Iranians who had given up meat or dairy to save money have nothing to cut, Tehran resident Hassan Shahbazzadeh complained.

“Now even macaroons are removed from your dining table,” he said.

“This jump in the price of flour has driven people crazy,” said Saleh, a grocery store worker in Susangerd, a city in the oil-rich southwestern province of Khuzestan, home to an ethnic Arab population. which has denounced discrimination and includes separatists. movement.

Saleh said the price of a 40-kilogram sack of flour had soared to the equivalent of $18 from $2.5 in recent weeks, stoking intense anger in the restive province.

“Many ran to grocery stores to buy macaroons and other things for their daily needs,” he said, giving only his first name for fear of retaliation.

Tempers have also flared in Iran’s parliament.

“The waves of rising prices have left people breathless,” Kamal Hosseinpour, a lawmaker from the Kurdish area, thundered at a parliament session earlier this week. “Macaroni, bread and cooking oil are the main staples of the weakest people in Iran. … Where are the officials and what are they doing?”

Other lawmakers have directly rebuked hardline President Raisi.

“The administration is incapable of managing the affairs of the country,” said Jalil Rahimi Jahanabad, a lawmaker from Taibad province, near Iran’s border with Afghanistan.

Government supporters have described the price increases as “necessary economic surgery”, part of a reform package approved by parliament.
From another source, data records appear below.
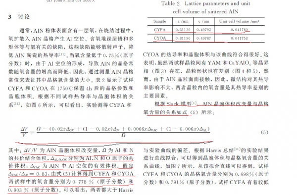 各位: 最近在文章中看到关于氮化铝晶胞体积与氧含量关系,里面有一个公式(具体见图中红色标记),对其中的晶胞体积改变量、共价结合体积、共价体积等概念以及具体数值不太懂,还望各位高手能指点迷津。不甚感激! 无标题.png |
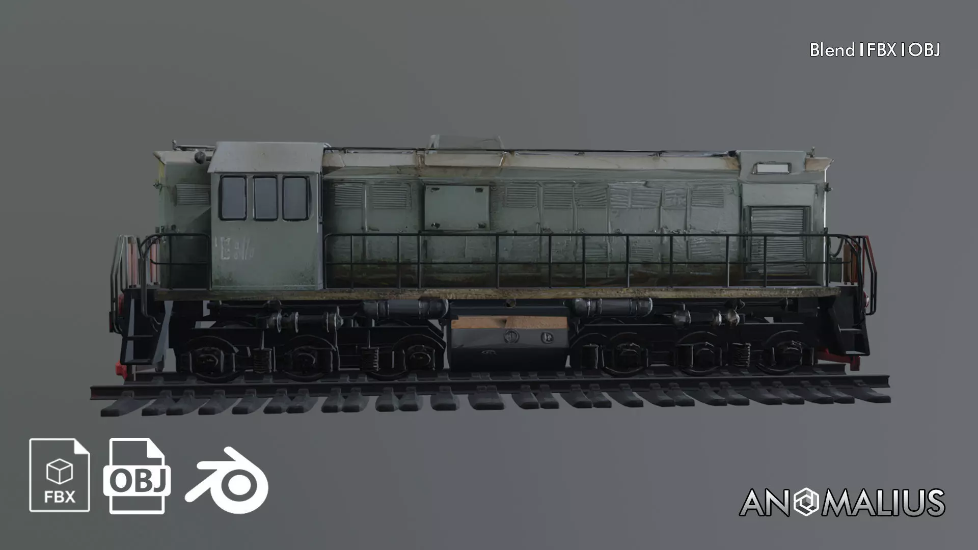 A heavy industrial locomotive with a weathered exterior, featuring detailed mechanical components, railings, and undercarriage systems. The design emphasizes a worn, utilitarian look with visible panels, vents, and structural elements. Suitable for rail yards, industrial zones, or dystopian and post-industrial environments.
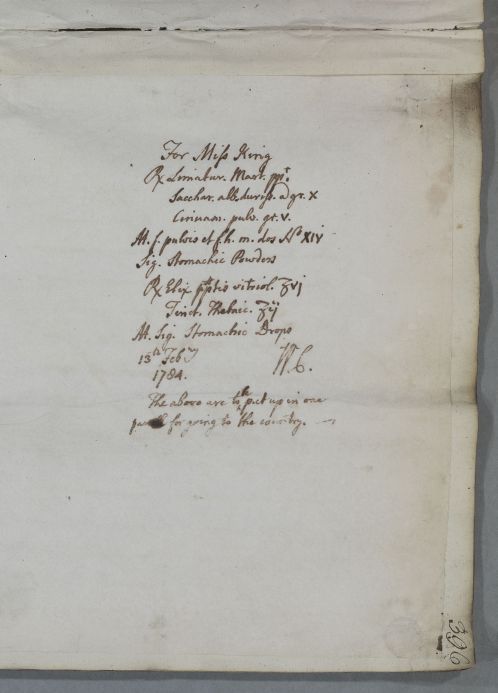 Reply to Miss King, concerning her own case.Letter accompanied a parcel of medicines. Date of the letter a guess based on circumstantial evidence in related letters.
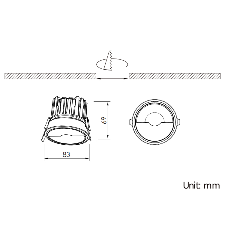 Model No.WattsLamp Outer SizeCutout Hole SizeBeam Angle
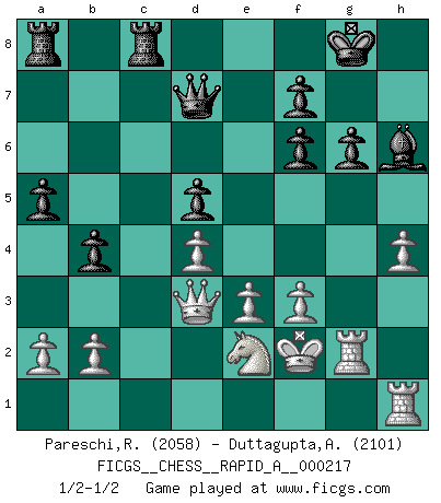 Last move : 1/2-1/2 2018 August 20 11:35:49 [Event "FICGS__CHESS__RAPID_A__000217"] [Site "FICGS"] [Date "2018.05.12"] [Round "1"] [White "Pareschi,Remo"] [Black "Duttagupta,Aniruddha"] [Result "1/2-1/2"] [WhiteElo "2058"] [BlackElo "2101"] 1.d4 Nf6 2.c4 g6 3.Nc3 d5 4.Nf3 Bg7 5.h4 c6 6.cxd5 cxd5 7.Bf4 Nc6 8.e3 O-O 9.Be2 Bg4 10.Qb3 Qd7 11.Ne5 Nxe5 12.Bxe5 Bxe2 13.Nxe2 Rfc8 14.f3 a5 15.Kf2 h5 16.Rag1 b5 17.Qd3 b4 18.g4 hxg4 19.Bxf6 exf6 20.Rxg4 Bh6 21.Rg2 1/2-1/2 King's Indian defense, 3.Nc3 Kingside Castling by player Black (move 8) This chess game ended in a draw. Follow this game move after move (download)If I win a tournament, I win it by myself. I do the playing. Nobody helps me. (Bobby Fischer) Die Jungen erwarten, dass Opa einfach umfällt. Dann aber kann Opa fünf Stunden lang Schach spielen und die jungen Gegner an die Wand drücken. (Viktor Kortschnoi) Morphy probablemente fue el genio más grande de todos. (Bobby Fischer) A ce moment-là, je menaçais de comprendre la position ! (Clément L'Heureux) A mistake is only a mistake if you let it happen twice. Otherwise it is a learning experience. (Daniel Parmet)
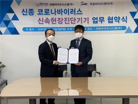 분자진단 전문 기업 아람바이오시스템(대표 황현진)과 신약개발 및 의료IT 전문 제약사 독립바이오제약(대표 정태기)은 신종 코로나바이러스 진단시스템 ‘2019-nCoV Fast POCT System (FPS)’(가칭) 승인 및 생산, 판매 업무협력을 위한 양해각서(MOU)를 9일 체결했다.
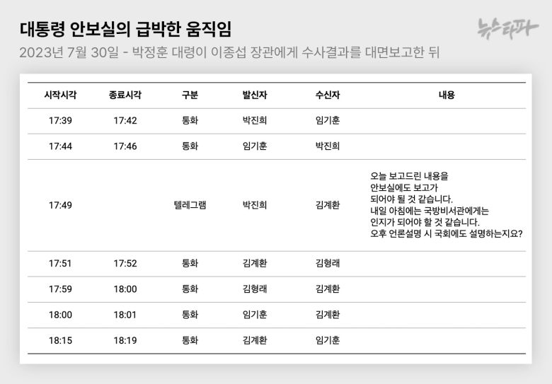 통신기록마다 대통령실 비서관들이 나선 흔적이 나왔다. 2023년 7월 30일 오후 4시 30분, 박정훈 대령은 김계환 해병대 사령관과 함께 이종섭 장관 집무실을 찾아 채 해병 사망원인 수사결과를 대면 보고하고 결재를 받았는데, 직후 임기훈 안보실 국방비서관은 박진희 국방장관 군사보좌관과 두 차례 통화했다. 또 박 보좌관은 김계환 사령관에게 ‘수사 내용이 안보실에 보고가 되어야 한다’는 취지의 텔레그램 메시지도 보냈다.
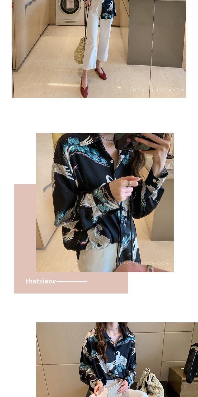 2021 秋長袖クレーンプリントブラウス女性ターンダウン襟シングルブレストルーズシャツトップ ロング オータム 秋物
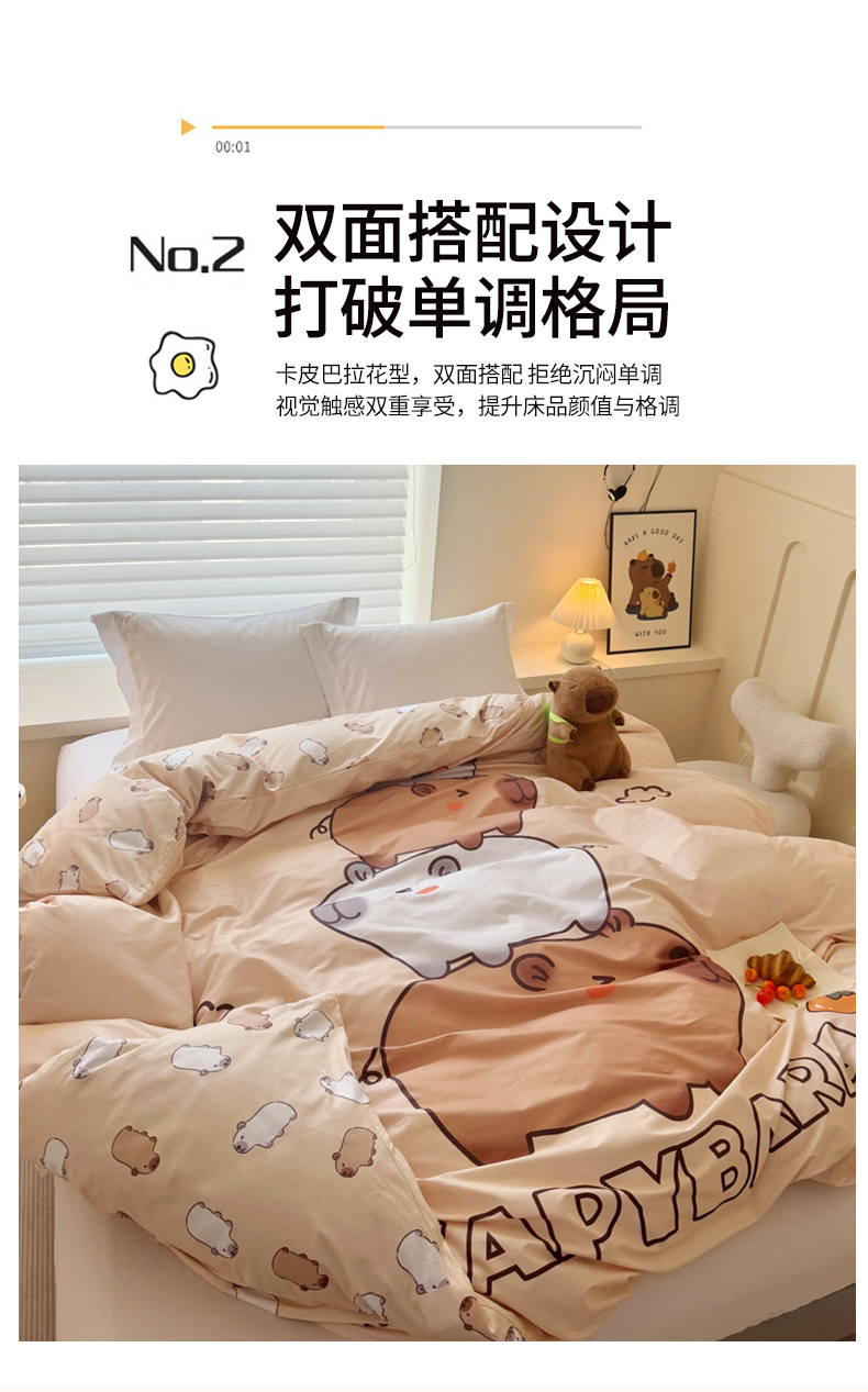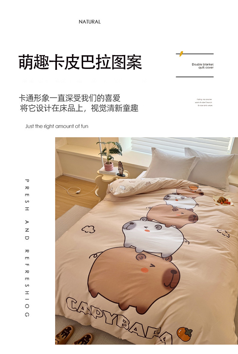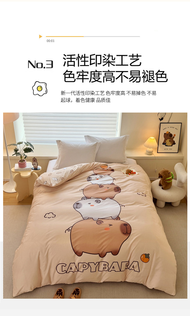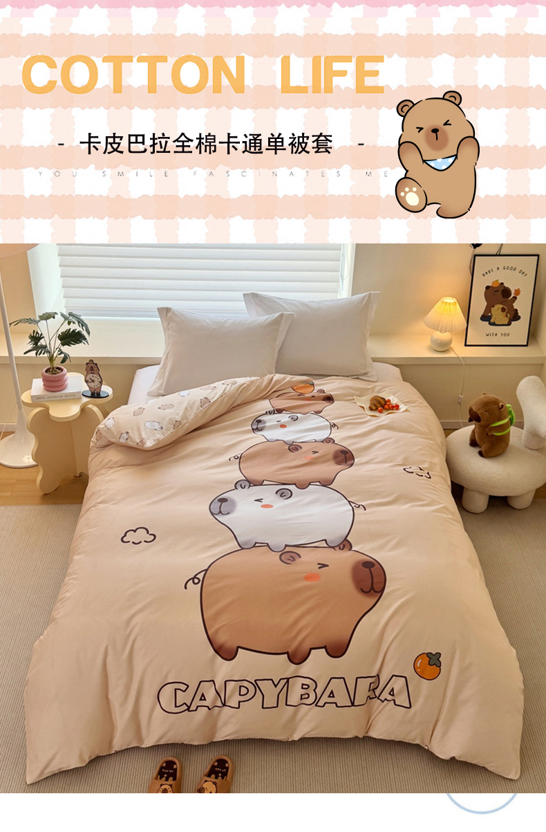 商品名称:蘭菲家纺 2025新款全棉大版卡皮巴拉系列单品被套 沉浸式

Some social media users have ridiculed the term, saying officials removed the patient’s heart instead of the tumor.

As outrage grows online over rising inflation, Iranian authorities appear to be preparing for the worst.

Internet monitoring group told the AP it was tracking internet outages on a “national scale” that are “likely to affect the public’s ability to communicate.” Article 19, a global investigative organization that fights censorship, reported Thursday that authorities appeared to have cut off almost all Internet connectivity in cities in Khuzestan province.

Since the country’s disputed presidential election in 2009 and the Green Movement protests that drew millions into the streets, Iran has tightened its control over the Internet.

Videos have surfaced on social media in recent days of Iranians gathering in the dark on the streets of the southern province of Khuzestan, chanting slogans against price hikes and the country’s leaders. Iranian state media have not publicly addressed the protests.

The issue of high prices “is related to security,” lawmaker Majid Nasserinejad said ominously. “People can’t tolerate it anymore.”


Associated Press writer Nasser Karimi in Tehran, Iran, contributed to this report.